En 2001, Le British Mountaineering Council a créé un dépliant pour aider à éduquer les grimpeurs sur l'équipement, ses utilisations, ses limites, son entretien et son inspection. Voici un extrait du dépliant concernant les crampons:

Les crampons subissent d'incroyables contraintes – un grimpeur portant un sac à dos lourd et marchant sur des rochers ou des blocs de pierre transfère une grande force sur les pointes du crampon. (Pour les esprits techniques, la force d'impact peut atteindre environ 3kN, ce qui sur un terrain accidenté pourrait être réparti sur seulement deux ou trois pointes !) De plus, le crampon se plie légèrement, même sur la botte la plus rigide, et cela se produit à chaque pas.

Lors d'une randonnée de dix miles, un crampon peut subir 10,000 cycles de pliage.
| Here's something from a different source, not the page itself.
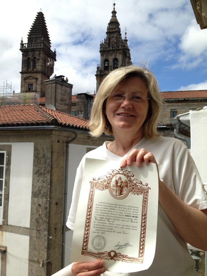 Una tempesta di emozioni, l’arrivo a Santiago. La ricerca dell’Ufficio del Pellegrino che controlla le Credenziali perché tutti i timbri siano regolari. La grande emozione nel ricevere la Compostela. Le congratulazioni dei volontari presenti.

Le métal se casse s'il fait suffisamment froid et est soit plié avec une force suffisante (fracture fragile), soit fléchi d'avant en arrière suffisamment de fois (rupture par fatigue). Ce qui est surprenant, ce n'est pas que certains crampons se cassent, mais plutôt que la plupart ne se cassent pas – un témoignage du savoir-faire de nos fabricants d'équipements.
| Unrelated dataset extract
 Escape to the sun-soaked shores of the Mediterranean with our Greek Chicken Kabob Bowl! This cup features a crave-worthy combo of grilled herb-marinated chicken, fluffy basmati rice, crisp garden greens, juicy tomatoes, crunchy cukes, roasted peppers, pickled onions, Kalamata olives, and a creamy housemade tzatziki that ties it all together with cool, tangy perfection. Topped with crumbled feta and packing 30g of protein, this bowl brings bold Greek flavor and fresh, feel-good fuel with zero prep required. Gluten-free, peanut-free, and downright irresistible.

Clique ici pour lire divers rapports—bien que certains soient un peu anciens— que le British Mountaineering Council a publié sur son site Web à propos des crampons et de toutes sortes d'autres bris d'équipement sur le terrain.

À quelle fréquence les crampons se cassent-ils ?

La brochure de BMC ne signale que 31 défaillances de crampons sur une période de 15 ans. Ce n'est pas beaucoup. Mais rappelle-toi que ces informations datent de plus d'une décennie. La réalité actuelle, c'est que les fabricants d'équipements repoussent les limites du design (c'est-à-dire qu'ils rendent le matériel plus léger et orienté performance, ce qui se fait généralement au détriment de la durabilité) et les grimpeurs mettent de plus en plus de pression sur leur équipement, car les styles et les difficultés d'escalade ont tellement évolué ces dernières années.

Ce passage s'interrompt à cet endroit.